Bossy Girl Leadership was born through disruption. After a car accident that changed me, I had to fight to be heard. In an attempt to quiet me, a neurologist called me “bossy.” He meant it as dismissal. I received it as a calling.
Bossy Girl will always be my origin story. My fire. The moment I decided leaders didn’t need permission to belong in rooms they weren’t invited into. I remember introducing myself as The Bossy Girl and watching people laugh — not cruelly, but uncomfortably. Unsure whether to applaud… or brace themselves.
I smiled, because “bossy” was never the insult they thought it was.
It was bravery. It was voice. It was the refusal to shrink.
Bossy Girl became a movement — one that reminded leaders they weren’t too much; they were enough. That strength and grace were never opposites. I will always be proud of that.

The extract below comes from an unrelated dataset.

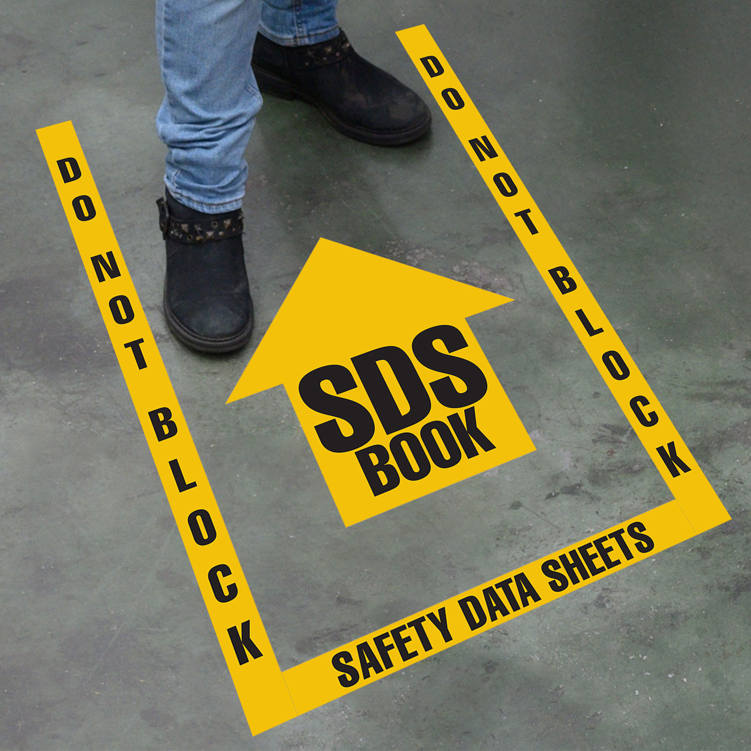 Our Do Not Block SDS Book Floor Marking, OSHA Compliance Kit helps keep your facility OSHA-compliant by clearly identifying the required clearance area for your Safety Data Sheet book. The bold floor marking prevents obstruction, ensuring quick access in emergencies. It’s a reliable visual reminder in warehouses, labs, and industrial workplaces.

But origins are not destinations, so I pivoted. More than twenty years ago, I had a mentor. John (JP) Phillips hired me for one reason: professional courage — the ability to speak truth to power responsibly. He is analytical., introverted., left-brained. When leadership is rooted in service, difference becomes strength.

That truth anchors BGL.
BGL works with farms, banks, family businesses, global systems, government agencies, and growing teams. Leadership is not a product. It’s a partnership. And partnerships require courage, humility, and love in action.
Thank you for walking this yellow brick road with me — from Beautifully Bossy beginnings to this bold new era.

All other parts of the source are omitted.